This Amendment No. 1 (this “Amendment”) to that certain Registration Rights Agreement, dated as of January 26, 2011, by and among American Standard Energy Corp., a Delaware corporation (the “Corporation”) and each purchaser identified on the signature pages thereto (the “Registration Rights Agreement”), is made as of March ___, 2011, by and among the Corporation and Holders holding no less than two-thirds of the Registrable Securities issued and issuable pursuant to the Purchase Agreement and the Transaction Documents on the Closing Date (each as defined in the Registration Rights Agreement (collectively, the “Requisite Holders”).  Defined terms used herein but not defined herein shall have the meanings ascribed to them in the Registration Rights Agreement.
 
WHEREAS, Section 6(b) of the Registration Rights Agreement provides that the Corporation shall not (i) prior to the Effective Date enter into any agreement providing any right to include securities of the Company in a Registration Statement other than the Registrable Securities or (ii) file with the Commission a registration statement relating to an offering for its own account under the Securities Act of any of its equity securities other than a registration statement on Form S-8 or in connection with an acquisition, on Form S-4 until the earlier of (a) the date that is thirty (30) days after the Initial Registration Statement or New Registration Statement, as the case may be, is declared effective and (b) the date that all Registrable Securities are eligible for resale by non-affiliates without volume or manner of sale restrictions under Rule 144 and without the requirement for the Corporation to be in compliance with the current public information requirements under Rule 144;
 
WHEREAS, Section 6(e) of the Registration Rights Agreement provides that the Registration Rights Agreement may be amended with the written consent of the Corporation and the Requisite Holders (together, the “Requisite Parties”); and
 
WHEREAS, the undersigned parties hereto hold a sufficient number of Registrable Securities to constitute the Requisite Holders.
 
NOW, THEREFORE, in consideration of the premises and the mutual covenants contained in this Amendment and for other good and valuable consideration, the receipt and sufficiency of which are hereby acknowledged, the parties hereto agree as follows:
 
1.           Amendment to Registration Rights Agreement.  Section 6(b) of the Registration Rights Agreement is amended and restated in its entirety to read as set forth below:
 
No Piggyback on Registrations; Prohibition on Filing Other Registration Statements.  Except and to the extent specified in the Schedules to the Purchase Agreement, prior to the Filing Deadline, neither the Company nor any of its security holders (other than the Holders in such capacity pursuant hereto) may include securities of the Company in a Registration Statement other than the Registrable Securities and the Company shall not prior to the Filing Deadline enter into any agreement providing any such right to any of its security holders.  The Company shall not file with the Commission a registration statement relating to an offering for its own account under the Securities Act of any of its equity securities other than a registration statement on Form S-8 or in connection with an acquisition, on Form S-4 until the Filing Deadline.
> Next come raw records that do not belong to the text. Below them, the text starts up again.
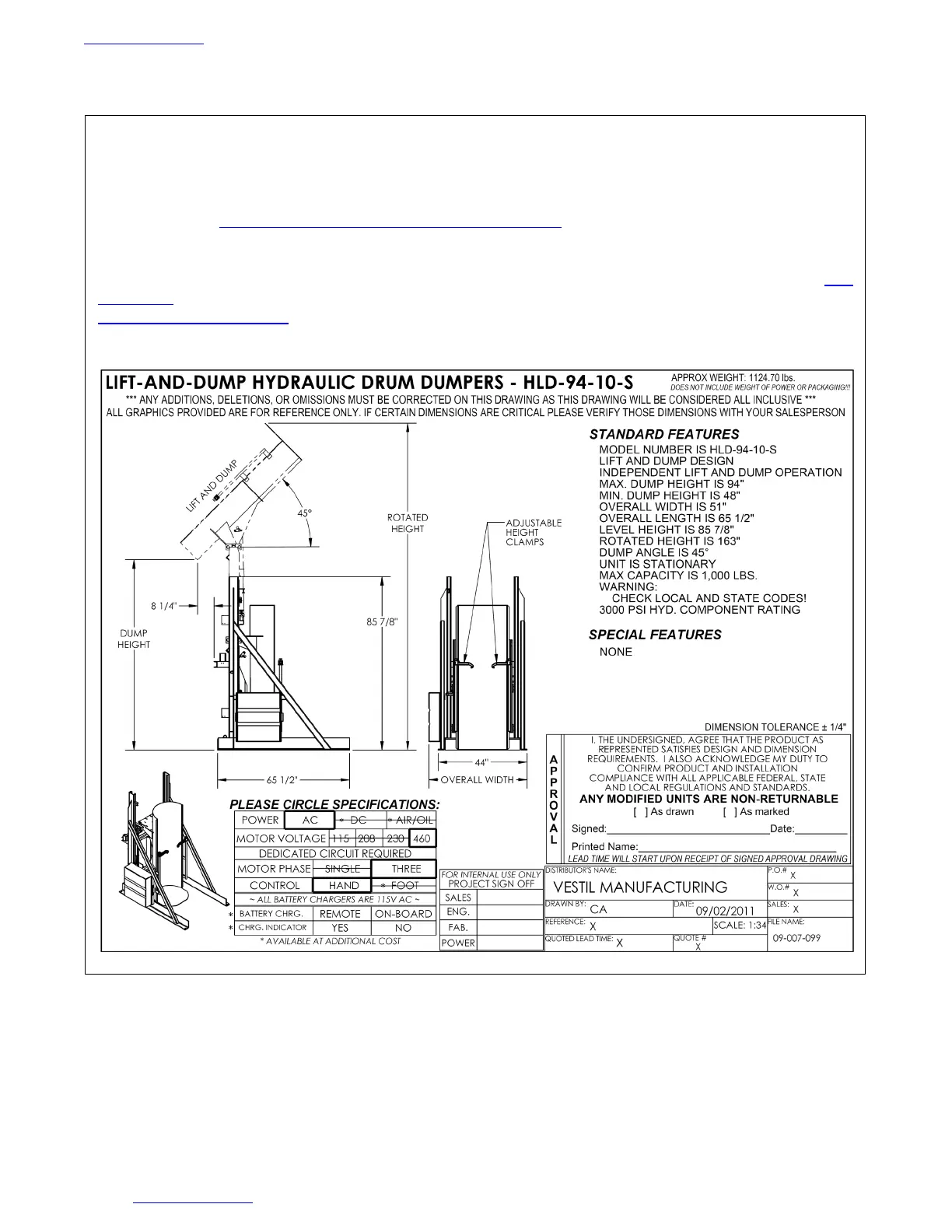 online to anyone who visits Vestil’s website. Specifications include dimensions, net weight, and
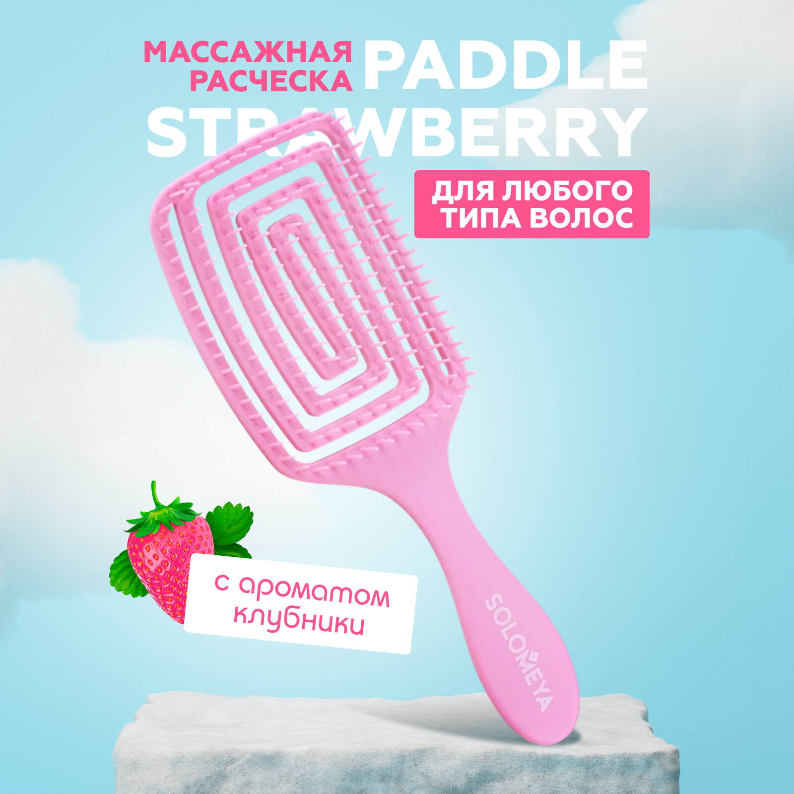 Расческа для сухих и влажных волос Solomeya Brush Paddle с ароматом клубники .
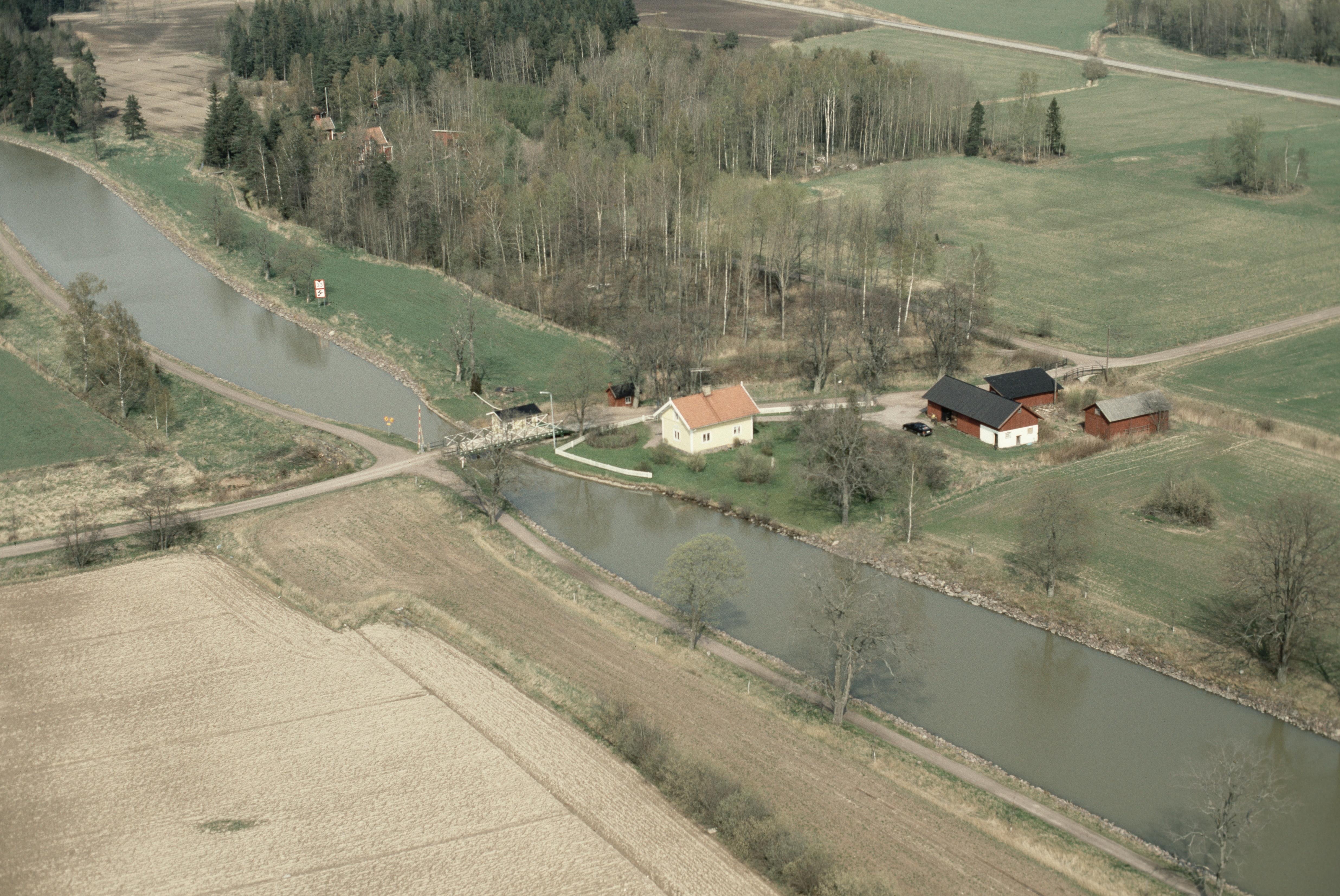 Beskrivning: Göta kanal, bro mellan Kårtorp och Järneberg. Kanalmärke RAÄnr Töreboda 29:1 till vänster i bildens övre del. Bilden är tagen mot (väderstreck): NO
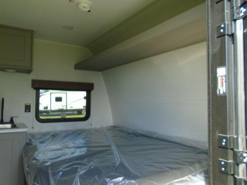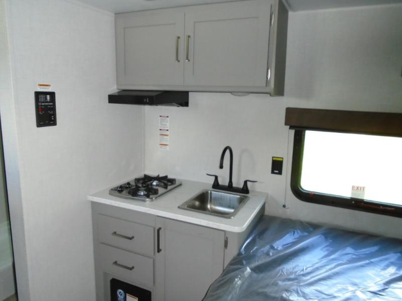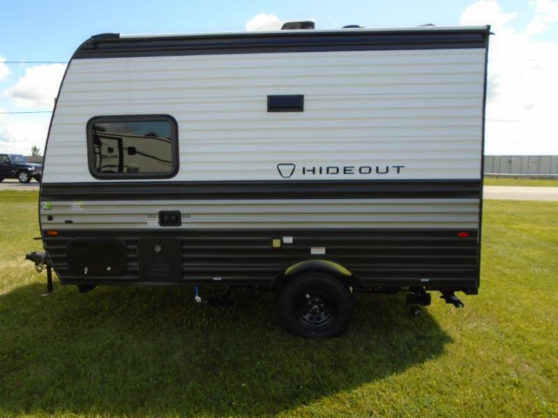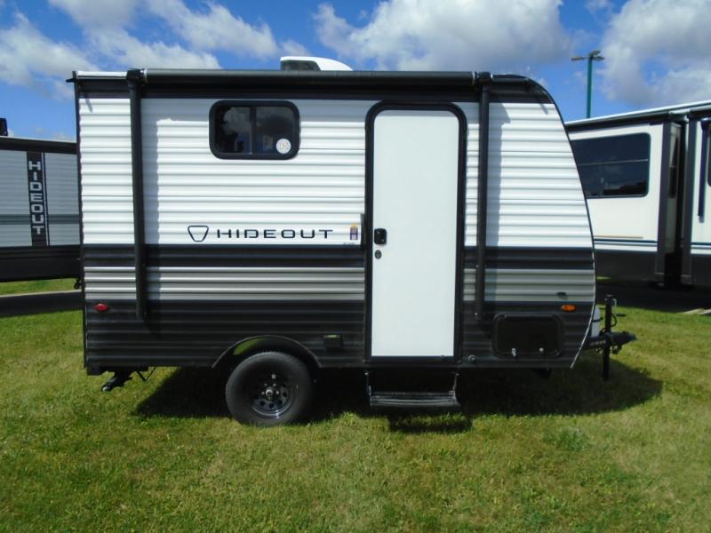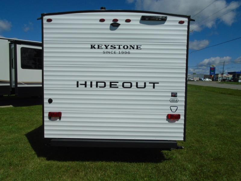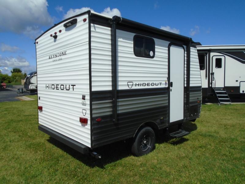 With any Hideout Mini travel trailer by Keystone, you will enjoy lightweight towing thanks to their single-axle! The AlphaPly TPO roof membrane is ultra durable, and the power awning will provide protection from the sun as you relax in your camp chairs outside. Each model includes blackout night shades, LED lighting, plus many more interior comforts. There is also a roof A/C and 20K BTU furnace to keep you comfortable, plus a tankless water heater for endless hot showers!

For the avoidance of doubt, the Company shall not be prohibited from filing amendments to registration statements filed prior to the date of this Agreement or a registration statement replacing a registration statement filed prior to the date of this Agreement; provided that no such amendment or replacement registration statement shall increase the number of securities registered on a registration statement so previously filed.”

2.           Governing Law.  This Amendment shall be governed by, and construed and enforced in accordance with, the substantive laws of the State of New York without regard to its principles of conflicts of laws.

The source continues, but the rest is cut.